Vilas Distinguished Achievement Professor
Room 7586, Morgridge Hall
1205 University Ave, Madison WI 53706
News
- Jan 2026: Collaborated with my student Dev Ahluwalia to launch MadMatcher, an entity matching startup.
- 2025: Started SmartCat, a project to build AI-driven data catalog management systems.
- 2019–2023: Co-founded GreenBay to commercialize Magellan. Spent 3 years as VP of Technology at Informatica (which acquired GreenBay).
- 2020: Co-chaired SIGMOD-2020.
- 2017–2019: Contributed to efforts to grow the CS department, build a new CS building, and establish the College of Computing and AI.
- 2016: Started Magellan, a project to build end-to-end entity matching systems.
Research
My goal is to make messy data usable at scale. I work on data exploration, cleaning, matching, and integration—foundational steps in data science pipelines and in preparing high-quality data for AI models.
- We build end-to-end systems, develop production-grade software, and work closely with real users to solve practical problems.

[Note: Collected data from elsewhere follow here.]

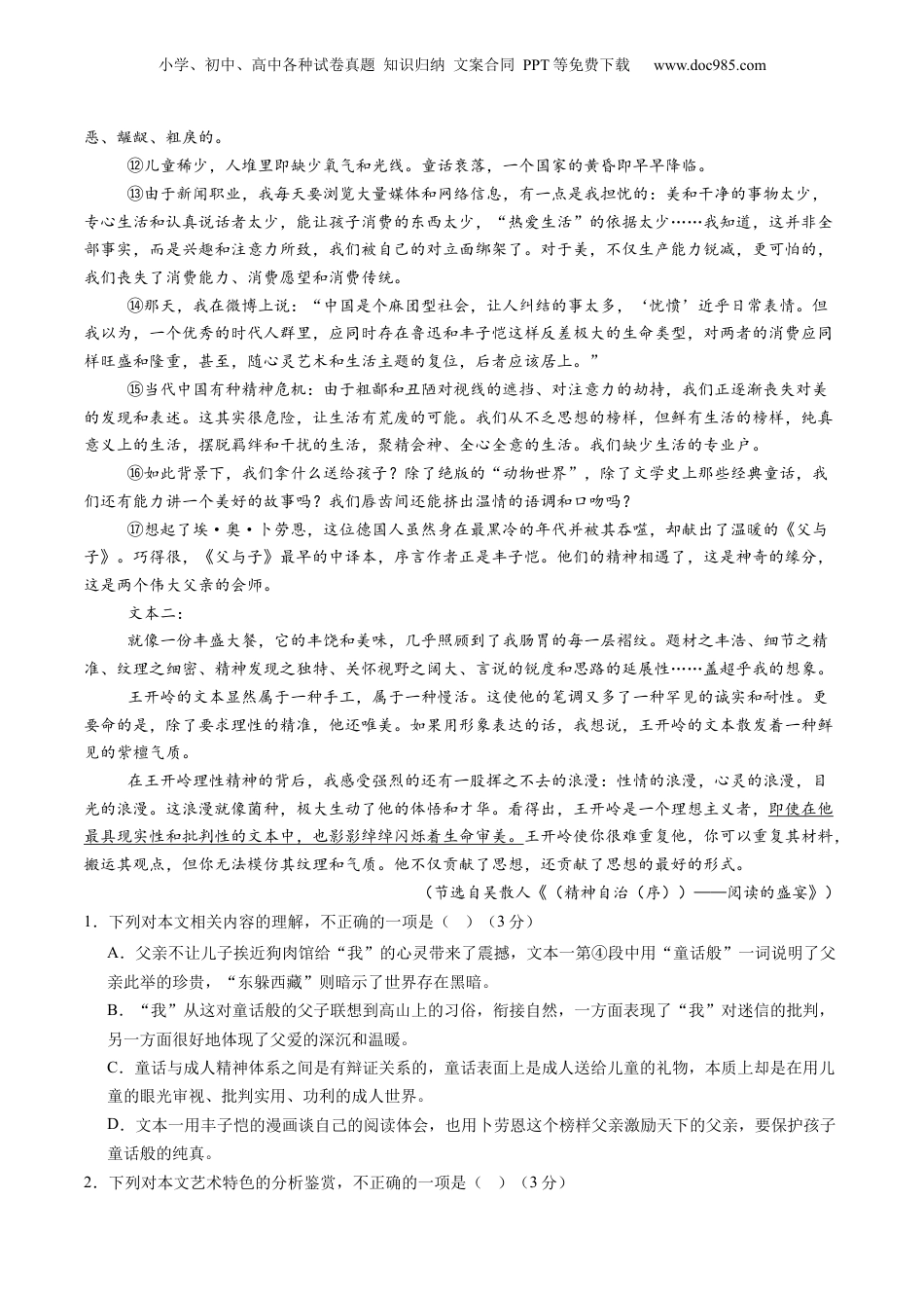 小学、初中、高中各种试卷真题知识归纳文案合同PPT等免费下载www.doc985.com综合测试06散文阅读(多文本)时间:50分钟满分:48分姓名__________得分________(2024·黑龙江佳木斯·三模)阅读下面的文字,完成下面小题(共4小题,16分)。文本一:父与子(节选)王开岭①有一条街,父亲总不让儿子挨近,总要找个理由,悄悄绕开。原来,这条街窝藏着全城的狗肉馆,一年到头,街边放满了栅笼,一只只憔悴的狗趴在里面,充当活物招牌。那条街上有股怪味,是恐惧的味道,是动物临终的味道,是血蒸发的味道,是告别身体的鲜毛皮在风里抽泣的味道……②这是个高尚的父亲。③他怕孩子吸入不良空气,他怕孩子的眼睛受伤,他怕幼小的心灵侵入毒素。他最怕的是,孩子在慢慢适应后变得坦然,在一次次惊愕和无能为力后变得麻木,最终,变成那些路人中的一个。④我不知道,这对童话般的父子,在东躲西藏的世间能躲多久,在绕来绕去的路上能走多远。但他们的存在,如金子般贵重。他们改变了人群的成分,重新编辑了我对人间的印象。⑤我想起一个高山上的习俗:一个猎人,在和野兽搏斗后,要用泉水和树叶洗净脸再回家,以免眼里有未散尽的凶煞,附体在婴儿身上。孩子断奶前,猎人不能捕杀哺乳期的动物,不能带沾血腥的兽皮回家,否则,孩子长大会成为歹人。⑥这是个美丽的迷信。大凡迷信,都有这种特点:后果不成立,但禁忌中包含的精神主张却是高贵的。⑦深夜,我欲搭一段美好时光入眠时,常把丰子恺的书搁在枕边。读漫画《趁爸爸不在》《瞻瞻的脚踏车》《爸爸回来了》《妹妹新娘子,弟弟新官人》,总忍不住笑出声,头重脚轻的小人儿,如雀、如花、如蜜饯,芬芳的童音、玻璃球似的吵闹,向日葵般的手臂……被他们簇拥着,几乎忘了那个时代的愁苦与险恶。在丰子恺眼里,婴幼儿才是真的人,童年才是未被篡改的人生。⑧我常想,一个时代的气质和日常生活,若染上一点“丰子恺味道”,该多好,该多好。⑨人生美学和美德,在儿童身上是存量最大的,只有思想成熟并保持一颗童心的人,才是美的成年人。⑩一个国家,若能从孩子对家长的使唤中发现公民的权利,从父母对骨肉的垂怜中认证自己的义务,从他们的彼此互爱中找到国与民的逻辑,从他们的亲热和信赖中反省自己的冷漠与隔膜……若将一个家庭放大无数倍,若天下之人是由一群群“丰子恺”和其“孩子们”连缀而成……那么,一个健美的时代莅临了,“国家”就有了“家国”的基因和属性,该生存共同体的气质和细节变了,道德、风尚也就变了,变得简明、温美、清纯、风和日丽。⑪看一个民族的生活美学,看一个时代的精神雅量,有个重要线索:要看它缔造和收纳了多少童话,看它的世俗文化和游戏规则是否激励、佑护童话人生,是否滋养童话发展,是否欣赏有儿童人格的成年人。表面上,童话是大人备给小儿的礼物,而更深层的真相是:童话乃成人对儿童的审美作业,反映了“大”对“小”的鉴赏力,本质上是“小”对“大”的馈赠。一个社会,若成人的精神系统里没有童话成分,若大众生活提前告别了童话,甚至贬低和嘲笑童话,那这个时代势必极度实用、功利、枯燥,人群也定是险小学、初中、高中各种试卷真题知识归纳文案合同PPT等免费下载www.doc985.com恶、龌龊、粗戾的。⑫儿童稀少,人堆里即缺少氧气和光线。童话衰落,一个国家的黄昏即早早降临。⑬由于新闻职业,我每天要浏览大量媒体和网络信息,有一点是我担忧的:美和干净的事物太少,专心生活和认真说话者太少,能让孩子消费的东西太少,“热爱生活”的依据太少……我知道,这并非全部事实,而是兴趣和注意力所致,我们被自己的对立面绑架了。对于美,不仅生产能力锐减,更可怕的,我们丧失了消费能力、消费愿望和消费传统。⑭那天,我在微博上说:“中国是个麻团型社会,让人纠结的事太多,‘忧愤’近乎日常表情。但我以为,一个优秀的时代人群里,应同时存在鲁迅和丰子恺这样反差极大的生命类型,对两者的消费应同样旺盛和隆重,甚至,随心灵艺术和生活主题的复位,后者应该居上。”⑮当代中国有种精神危机:由于粗鄙和丑陋对视线的遮挡、对注意力的劫持,我们正逐渐丧失对美的发现和表述。这其实很危...
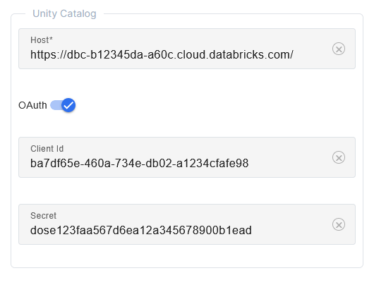 In the Lakehouse Turbo Settings tab, add the following in the Unity Catalog section:
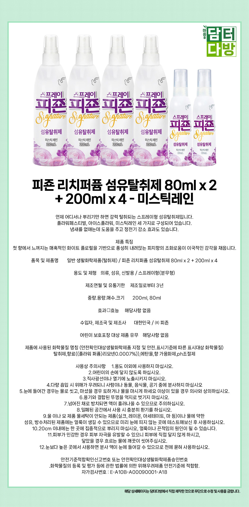 피죤 리치퍼퓸 섬유탈취제 80ml x 2 + 200ml x 4 - 미스틱레인
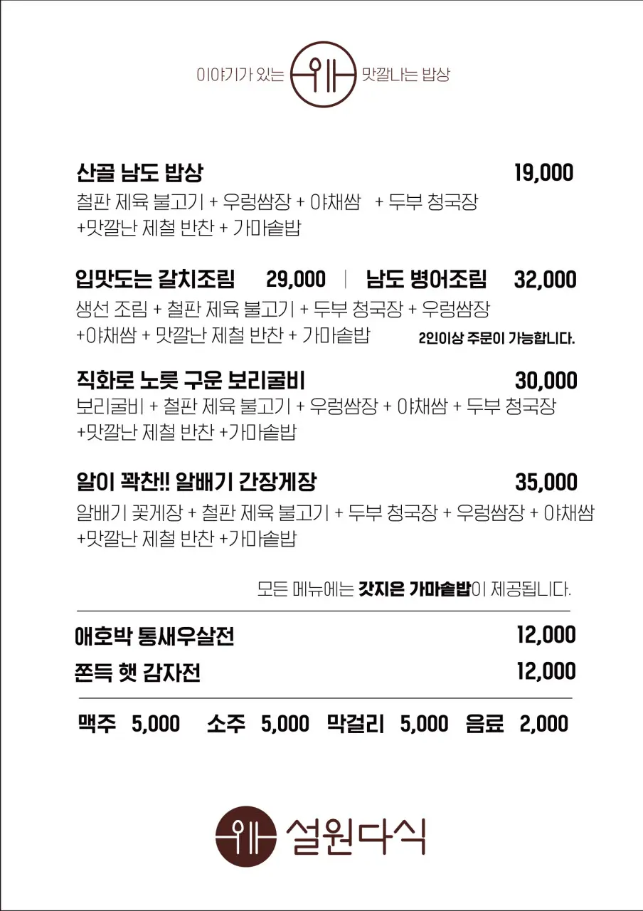 | 산골에서 맛보는 남도밥상 | 19,000원 | 철판 제육불고기+청국장+우렁쌈장+가마솥밥 |
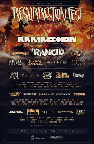 Un total de 63 bandas conforman el primer adelanto de cartel del Resurrection Fest 2017, anunciado hace unas semanas, encabezadas por los ya mencionados Rammstein, o otras grandes bandas como Rancid, Dropkick Murphys, Suicidal Tendencies, Agnostic Front, Comeback Kid, Terror, Snapcase, Deez Nuts o The Bouncing Souls, entre muchas otras.

- Our work draws on databases, AI/ML, and large-scale data processing, and often incorporates ideas from crowdsourcing and user interaction.
- We aim to translate research into widely used tools and real-world impact.
Current Projects
- SmartCat (2025 – present): Builds AI-driven data catalog management systems.
- Magellan (2016 – present): Builds end-to-end entity matching systems.
- Cymphony (2019 – present): Builds a crowdsourcing platform for data science.
Past Projects: Schema/Ontology Matching (2000–2009), Crowdsourcing (2002–2015), Knowledge Graphs (2004–2015).
Selected Publications (DBLP Google Scholar)
- Columbo: Expanding Abbreviated Column Names for Tabular Data Using Large Language Models, T. Cai, S. Sheen, A. Doan. EMNLP-25.
- Sparkly: A Simple yet Surprisingly Strong TF/IDF Blocker for Entity Matching, D. Paulsen, Y. Govind, A. Doan. VLDB-23.
- Magellan: Toward Building Ecosystems of Entity Matching Solutions, A. Doan, P. Konda, P. Suganthan G. C., Y. Govind, D. Paulsen, K. Chandrasekhar, P. Martinkus, M. Christie. Communications of the ACM, 2020.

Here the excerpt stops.